Equations of motion for missiles under constant acceleration

Hello,

My search to previous posts on this topic have found nothing, so here it goes.

I knew that calculating the range and speed at the end of the run of impeller drive missiles using Newtonian Physics induces some errors compared to using Special Relativity. I then figured out the appropriate set of Special Relativity equations that describe the coordinate time, coordinate speed and coordinate distance (aka: from the point of view of a ship those missiles are targeting) as a function of the proper time (aka: from of view of the missile under constant acceleration). These are the ones describing hyperbolic motion under Special Relativity:

https://en.wikipedia.org/wiki/Hyperboli ... relativity)
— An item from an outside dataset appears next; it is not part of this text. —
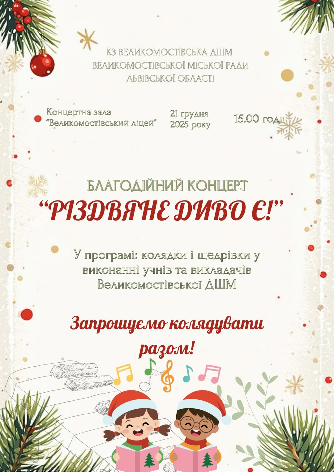 В очікуванні одного з найбільших християнських свят — Різдва Христового — щиро запрошуємо вас на благодійний концерт «Різдвяне диво є!» за участі учнів та викладачів Великомостівської дитячої школи мистецтв.
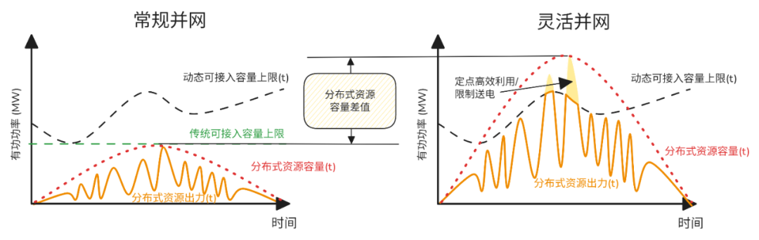 圖1:采用余電上網(wǎng)曲線前后的分布式電源發(fā)電容量及配電承載力對比[12]

The Newtonian equations used in the Honorverse are:
u = u0+α*τ
X = u0*τ+α*τ^2/2
ΔT = τ

However, the hyperbolic motion (Special Relativity) equations are:
u(τ) = c*(tanh(atanh(u0/c)+α*τ/c))
ΔX(τ) = X(τ)-X0 = (c^2/α)*(cosh(atanh(u0/c)+α*τ/c)-c/sqrt(c^2-u0^2))
ΔT(τ) = T(τ)-T0 = (c/α)*(sinh(atanh(u0/c)+α*τ/c)-u0/sqrt(c^2-u0^2))

Where:
c is the speed of light (299792.458 km/s)
α is the proper acceleration experienced by the missile in km/s^2; I used 46,000 gravities for shipkillers and 130,000 gravities for CMs
τ is the proper time experienced by the missile in seconds
u0 is the initial speed speed of the missile
u (km/s), ΔX (km), and ΔT (s) are the speed at the end of run, range under power and time under power in Newtonian Physics
u(τ), (km/s), ΔX(τ) (km), and ΔT(τ) (s) are the speed at the end of run, range under power and time under power under Hyperbolic motion under Special Relativity. The (τ) symbol means they are calculated as a function of the proper time (τ) of the missile, and not as a function of the coordinate time (T) of the ship.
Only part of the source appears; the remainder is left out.